Так что Джимми Моран вернулся на оптовый овощной рынок в Бронксе всего через четыре месяца после операции. План у него был таков: несколько дней посвятить избирательной кампании, а затем официально выйти на работу. Он приехал на рынок спустя несколько часов после полуночи, в то время когда к рынку на загрузку съезжались доставочные фуры. Въехав в главные ворота, Джимми остановился поболтать с Бахиз, арабской женщиной, которая проверяла у водителей идентификационные карточки. Бахиз была весьма недурна собой, поэтому с ней все заигрывали. Кроме того, она была единственной женщиной, работавшей на рынке, – по крайней мере, за двадцать пять лет без малого Джимми здесь других женщин не замечал.

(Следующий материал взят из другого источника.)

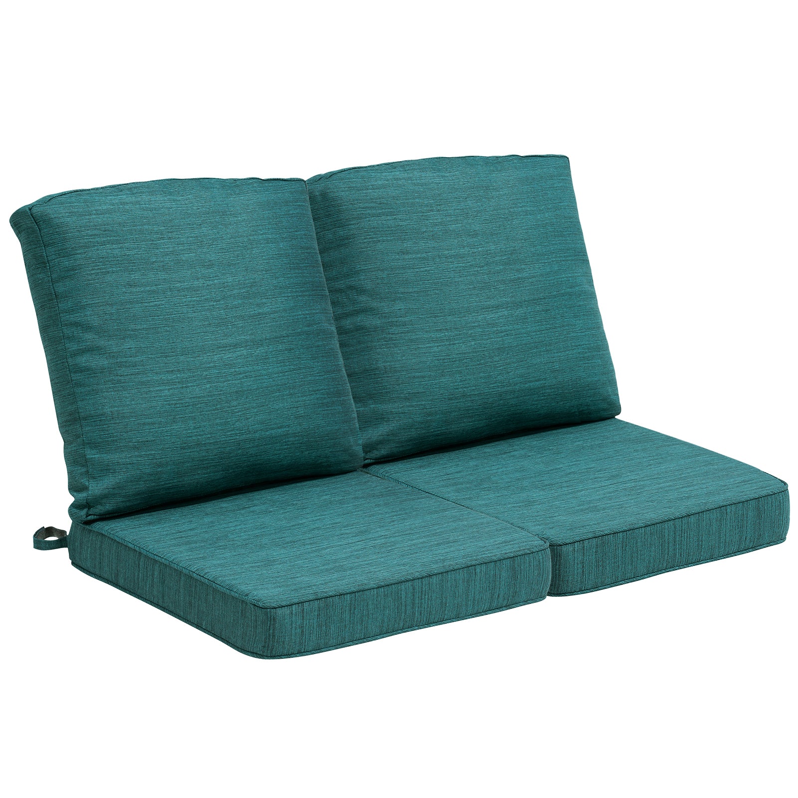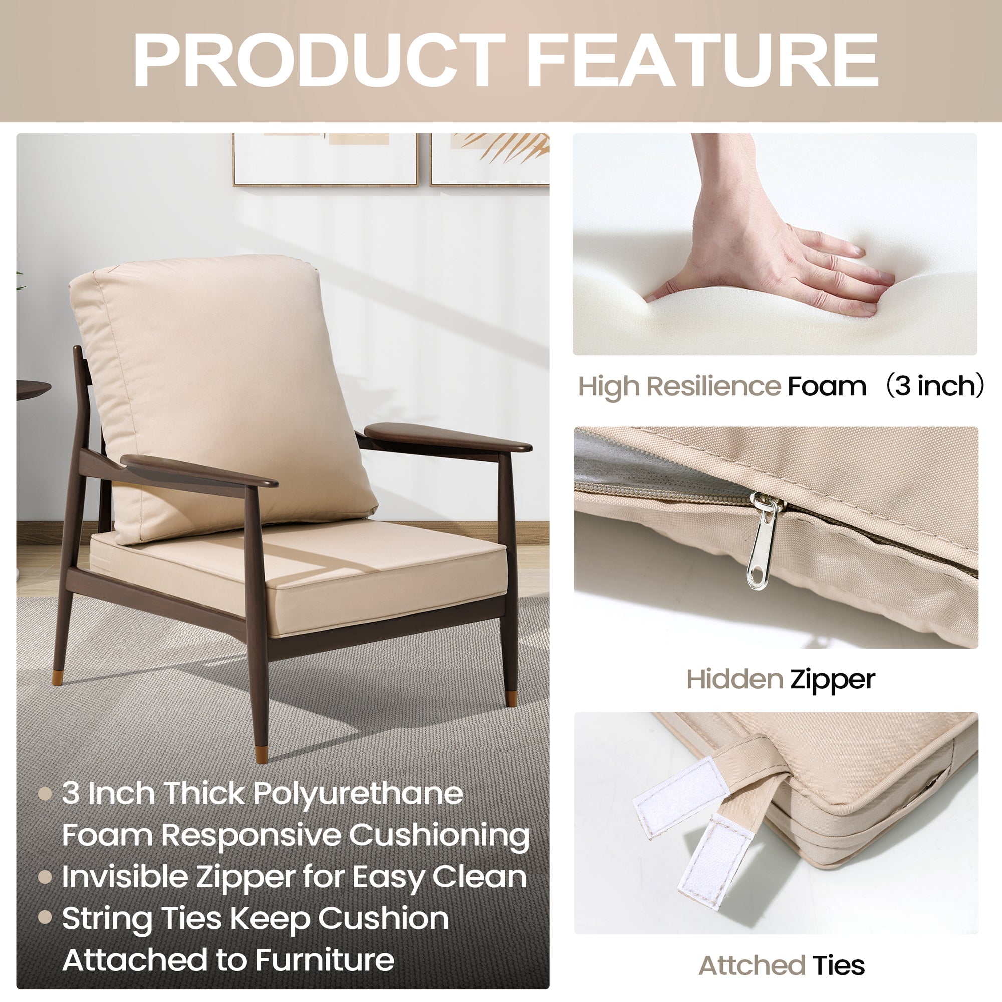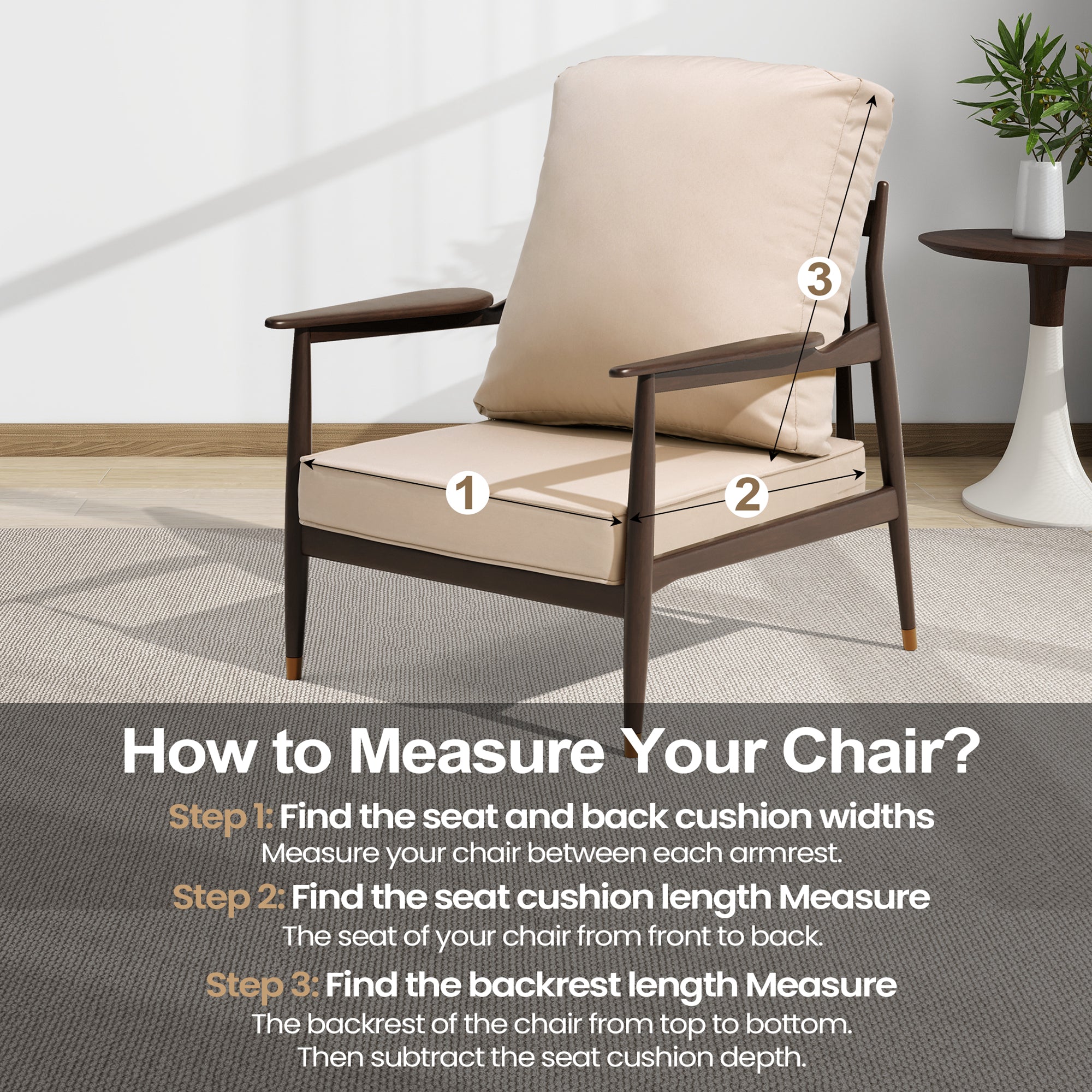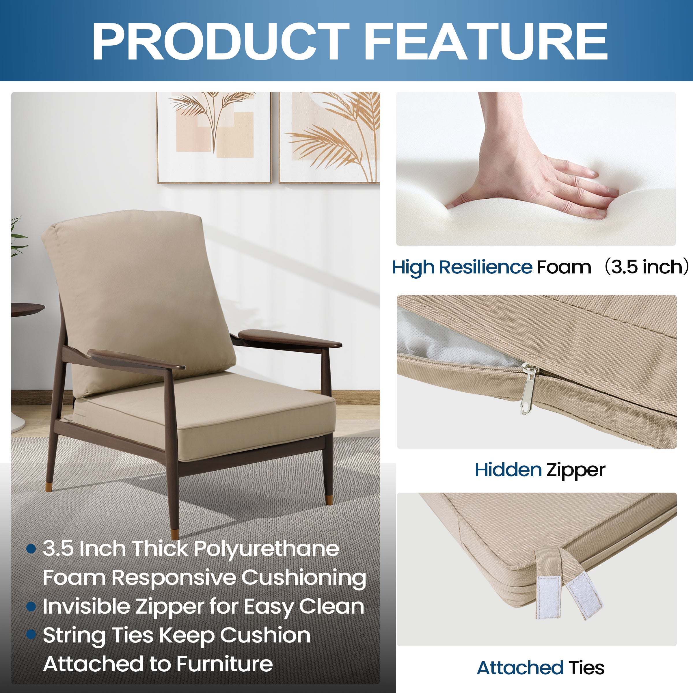 Two-Piece Deep Seat Cushion Set: Includes a thick seat cushion and a matching back pillow, designed to fit most deep-seat outdoor chairs. Seat cushion measures 22" L x 21" W x 3.5" H; back pillow measures 21" L x 22" W. Please measure before purchase.

– Бахиз! – сказал Джимми. – Кто тебя выпустил из гарема?
– О господи! Это Джимми. Что, уже на работу? От звонка до звонка? – спросила жующая резинку Бахиз.
– От звонка? До звонка? Уж больно это похоже на «грыжу позвонка». Ты такого при мне не говори, радость моя. Как тебе моя новая машина?
– Очень красивая.
– Угадай, какого года.
– Не знаю.
– Ну попробуй угадать.
– Не знаю. Тысяча девятьсот шестьдесят восьмого?
– Смеешься?
– А какого? Шестьдесят шестого, что ли? Откуда мне знать?
– Бахиз! Пятьдесят шестого!
– Ой, правда?
– Глаза разуй хоть разок, Бахиз.
– Ну откуда мне знать? Я твою машину и не вижу почти – темнотища еще.
– А женщинам она очень нравится, моя радость. Я тебя как-нибудь покатаю. Ты бы мне не отказывала столько лет, если бы я раньше водил такую шикарную машину, правда, Бахиз?
– Ой, Джимми. Ну тебя к чертям.
– Здорова ты ругаться, Бахиз. Слушай-ка, не угостишь парочкой фиников?
Иногда у Бахиз бывали потрясающие финики. Те сушеные финики, которых было полным-полно на оптовом овощном рынке в Бронксе, большей частью привозили из Калифорнии. Но, отведав фиников Бахиз, Джимми Моран уже не мог в рот взять ни одного калифорнийского финика. Некоторые из лучших павильонов на рынке закупали импортные испанские финики, и они были очень вкусные, но дорогие. Кроме того, испанские финики поступали на рынок в коробках, обтянутых пластиком, и в эти коробки нельзя было залезть и стащить горсточку-другую на пробу.
А у Бахиз порой бывали просто невероятные израильские финики, и она всегда угощала ими Джимми. Мать Бахиз присылала ей финики с Ближнего Востока авиапочтой, это было дороговато, но того стоило. Все знали, что таких фиников, как в Израиле, больше нет нигде в мире. Вкус у израильских фиников был как у засахарившегося меда. А шкурка – будто тонкий слой карамели.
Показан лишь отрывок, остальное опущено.